Alonge.
Alonge.
De zon brand op mij gezicht. De tranen rollen over mijn wangen.
Hoe kon hij dit doen? Hoe kon hij mij en onze zoon achter laten?
De gras is groen. De zon brand in mijn gezicht. De wolken zijn grijs.
Langzaam vallen er regendruppels op mij gezicht. Ik weet het niet meer.
Ik kan en heb niks meer. Mijn zoon is alles voor mij. Ik kan hem niet achter laten.
Dat verdient hij niet.
Ik voel mij ziek en alleen. De zwakte is groot. Ik durf niks.
Hij heeft heeft mij leven veranderd. En ondanks alles hou ik nog van hem. Waarom moest hij mij achterlaten? Heeft hij er een reden voor?

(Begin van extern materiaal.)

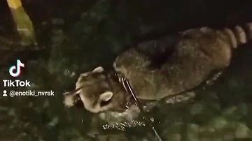 Судя по видео, на берегу енот ведет себя не очень решительно. Зато едва зайдя в воду чувствует себя «как рыба в воде». Кстати, недавно Паша встретился с самым популярным енотом страны Темой, когда тот был на гастролях в Новороссийске.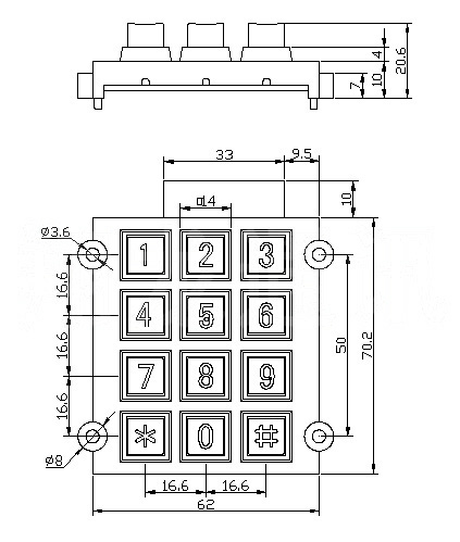 产品描述锌合金-12位-纯数字字符应用场合适用于ATM机、门禁系统、电梯、保险箱、自动售币机、密码锁、自助打单查询机、公共信息查询设备自动化监视、安防设备、工业PC数控平台、仪器检测设备、自助缴费机、石化厂、煤矿冶金、加油机、自助终端设备、各种电话机以及工业应用设备。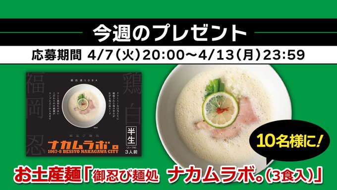 賞品:「御忍び麺処 ナカムラボ。」のお土産麺(10名様)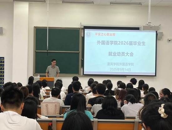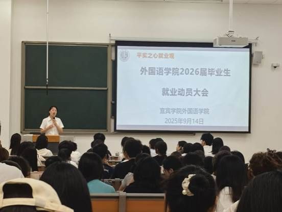 为帮助学生明确实习目标,做好实习准备,增强就业意识和安全意识,2025年9月14日,宜宾学院外国语学院在临港校区二期8E104召开了2026届毕业生实习、就业动员会,外国语学院党委书记林顺虎、党委副书记李丽娟、毕业班辅导员以及全体2026届毕业生参会。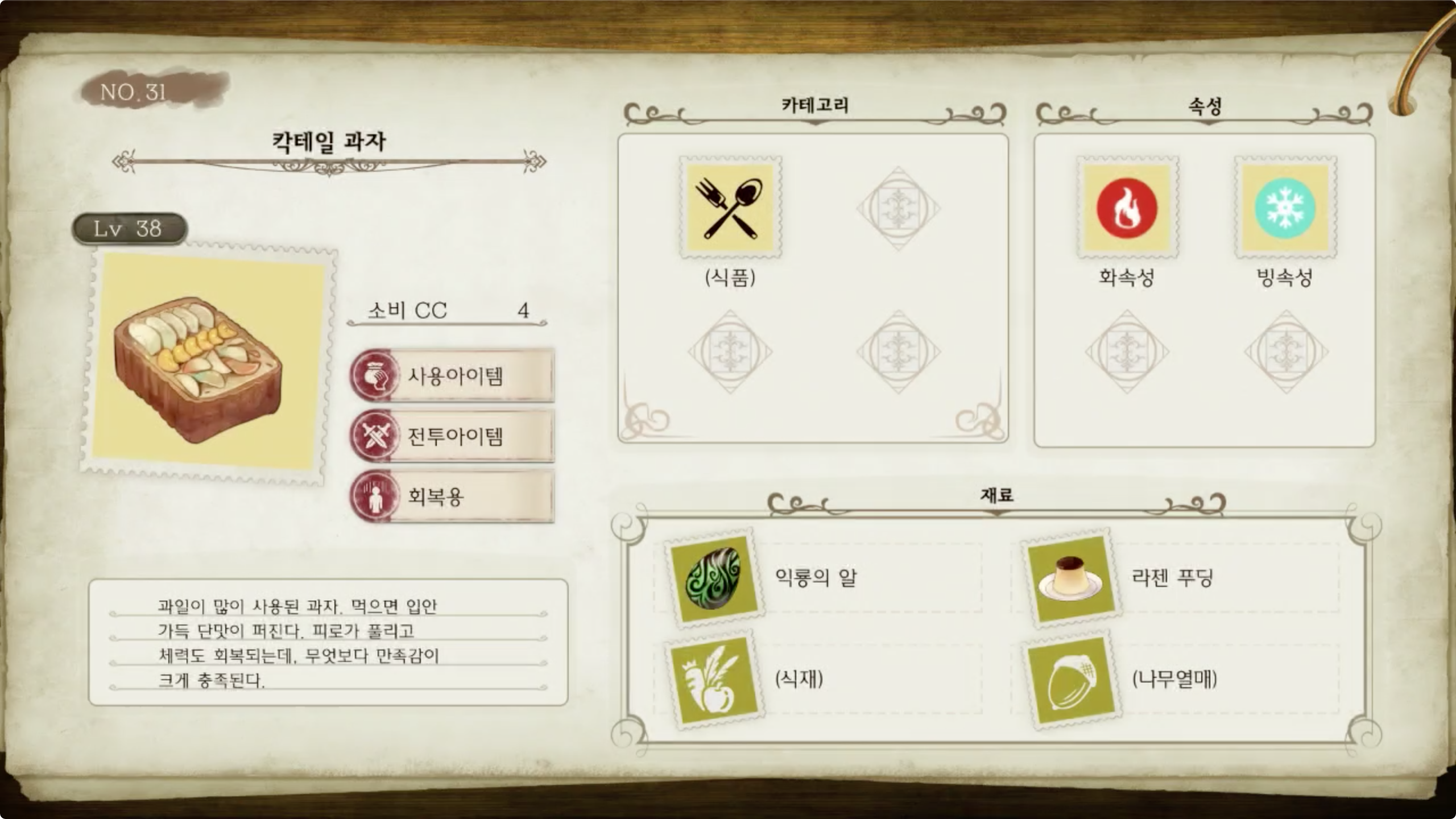 라이자의 아틀리에 - 아이템 도감 NO.031 칵테일 과자

Kan ik hem nog onder ogen komen? Weet hij dat hij een zoon heeft.
Het is al vier jaar geleden en nog steeds mis ik hem.
Moe loop ik door het park heen. Ik denk maar ik weet niks. Mijn gedachtes laten niks toe.
Moe plof ik neer op een bank. Mijn zoon zou bij een oppas blijven tot morgen avond. Ik ben alleen. Zal ik de vertrouwen in een jongen terug vinden?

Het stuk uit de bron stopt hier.